Duke Clinical Research Institute Duke University School of Medicine Durham NC.
Duke Molecular Physiology Institute Durham NC.
J Am Heart Assoc. 2020 Dec 15;9(24):e017712. doi: 10.1161/JAHA.120.017712. Epub 2020 Dec 8.

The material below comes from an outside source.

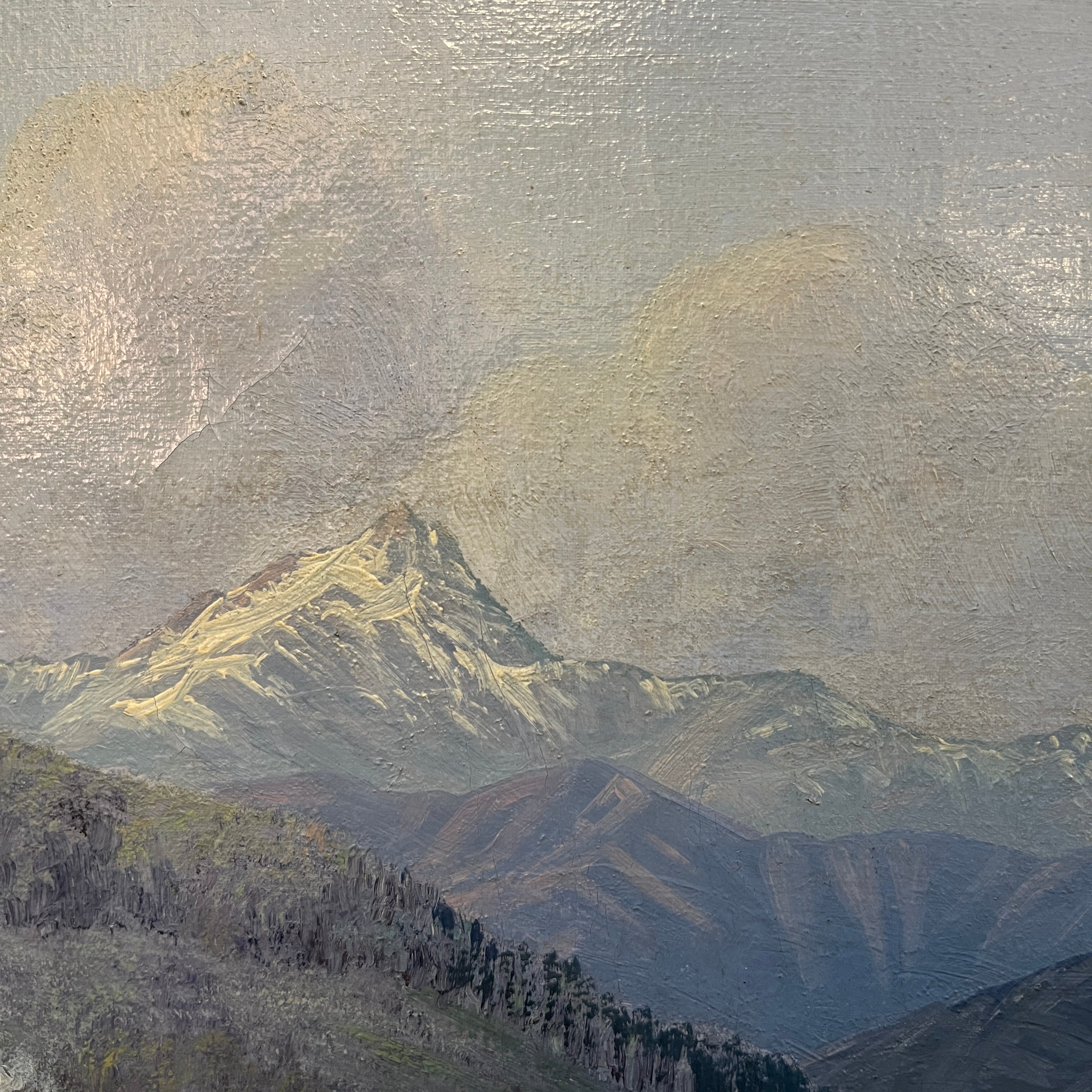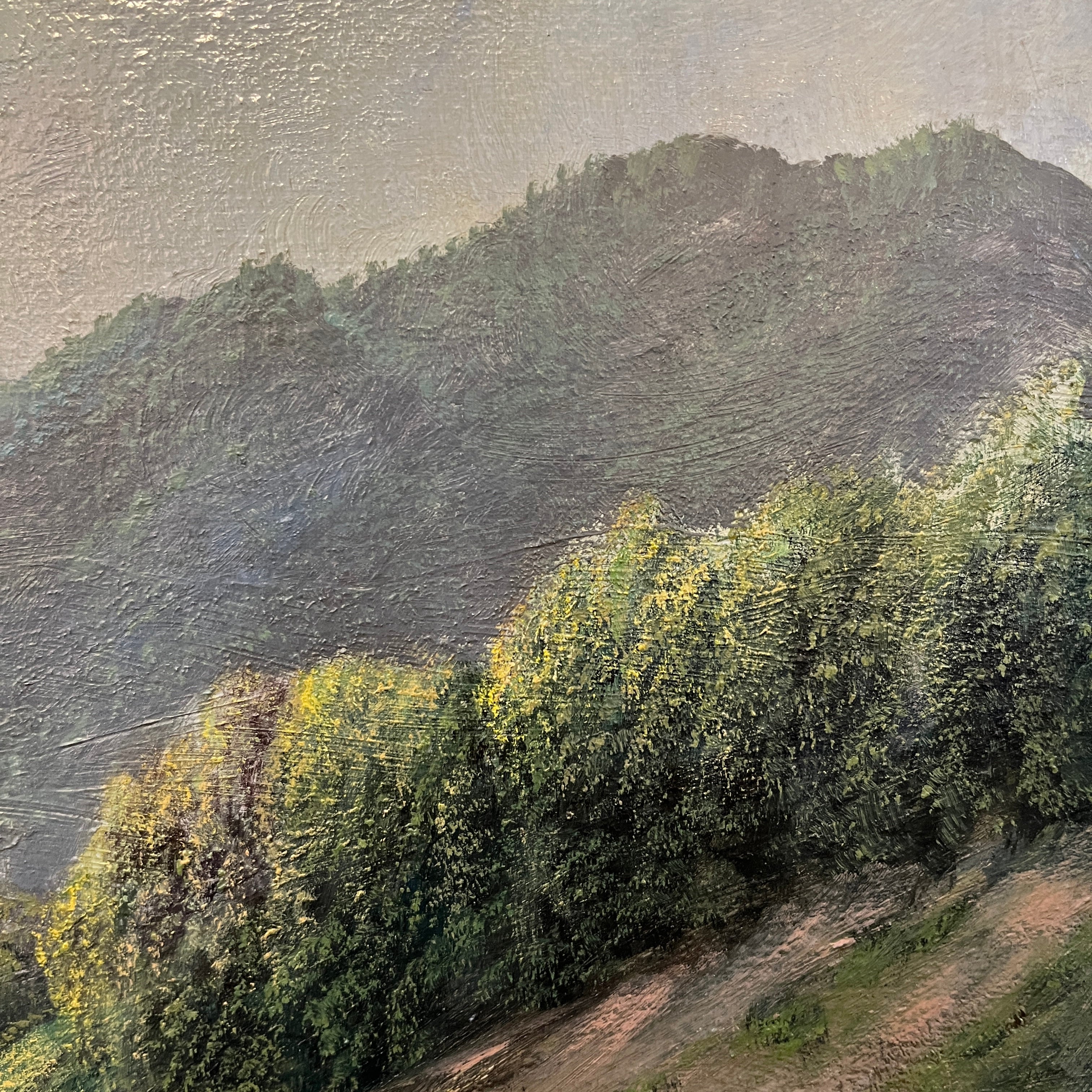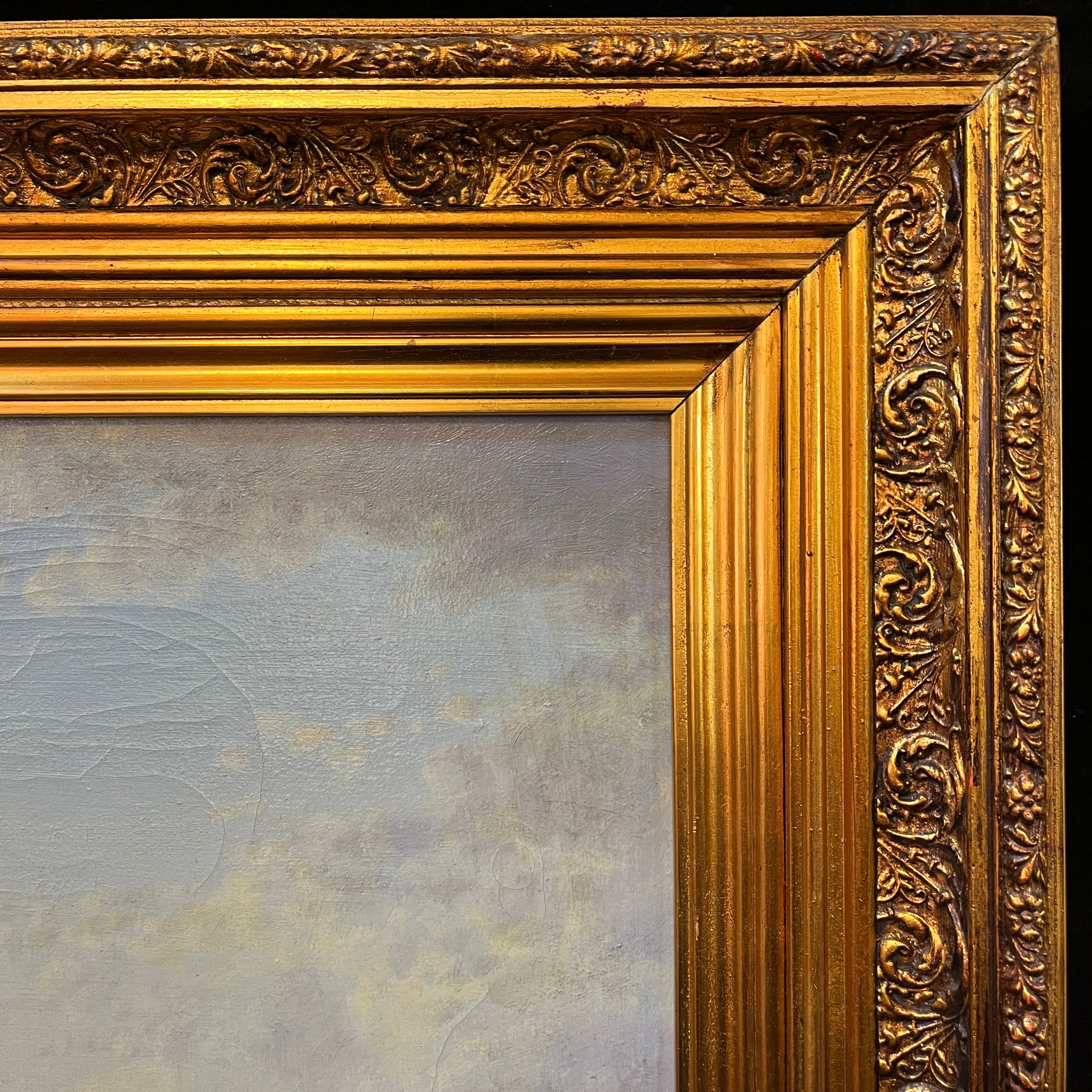 Hermosa obra del reconocido artista chileno Carlos Jaramillo, representando una mirada panorámica del campo chileno y una mujer en sus tareas cotidianas. Presenta un marco de madera tallada pintado en dorado.

Background Coronary artery disease (CAD) is increasing among young adults. We aimed to describe the cardiovascular risk factors and long-term prognosis of premature CAD. Methods and Results Using the Duke Databank for Cardiovascular Disease, we evaluated 3655 patients admitted between 1995 and 2013 with a first diagnosis of obstructive CAD before the age of 50 years. Major adverse cardiovascular events (MACEs), defined as the composite of death, myocardial infarction, stroke, or revascularization, were ascertained for up to 10 years. Cox proportional hazard regression models were used to assess associations with the rate of first recurrent event, and negative binomial log-linear regression was used for rate of multiple event recurrences. Past or current smoking was the most frequent cardiovascular factor (60.8%), followed by hypertension (52.8%) and family history of CAD (39.8%). Within a 10-year follow-up, 52.9% of patients had at least 1 MACE, 18.6% had at least 2 recurrent MACEs, and 7.9% had at least 3 recurrent MACEs, with death occurring in 20.9% of patients. Across follow-up, 31.7% to 37.2% of patients continued smoking, 81.7% to 89.3% had low-density lipoprotein cholesterol levels beyond the goal of 70 mg/dL, and 16% had new-onset diabetes mellitus. Female sex, diabetes mellitus, chronic kidney disease, multivessel disease, and chronic inflammatory disease were factors associated with recurrent MACEs. Conclusions Premature CAD is an aggressive disease with frequent ischemic recurrences and premature death. Individuals with premature CAD have a high proportion of modifiable cardiovascular risk factors, but failure to control them is frequently observed.
背景:冠心病(CAD)在年轻人中的发病率正在上升。我们旨在描述早发 CAD 的心血管危险因素和长期预后。
方法和结果:使用杜克数据库心血管疾病,我们评估了 1995 年至 2013 年间首次诊断为 50 岁以下阻塞性 CAD 的 3655 例患者。主要不良心血管事件(MACE)定义为死亡、心肌梗死、卒中和血运重建的复合终点,随访时间长达 10 年。Cox 比例风险回归模型用于评估与首次复发事件率的相关性,负二项对数线性回归用于评估多次事件复发率。既往或目前吸烟是最常见的心血管因素(60.8%),其次是高血压(52.8%)和 CAD 家族史(39.8%)。在 10 年随访期间,52.9%的患者至少发生 1 次 MACE,18.6%的患者至少发生 2 次复发性 MACE,7.9%的患者至少发生 3 次复发性 MACE,20.9%的患者死亡。在整个随访期间,31.7%至 37.2%的患者继续吸烟,81.7%至 89.3%的患者低密度脂蛋白胆固醇水平超过 70mg/dL 的目标值,16%的患者新发糖尿病。女性、糖尿病、慢性肾脏病、多血管病变和慢性炎症性疾病是与复发性 MACE 相关的因素。
结论:早发 CAD 是一种侵袭性疾病,常发生缺血性复发和过早死亡。早发 CAD 患者有很高比例的可改变心血管危险因素,但这些因素经常控制不佳。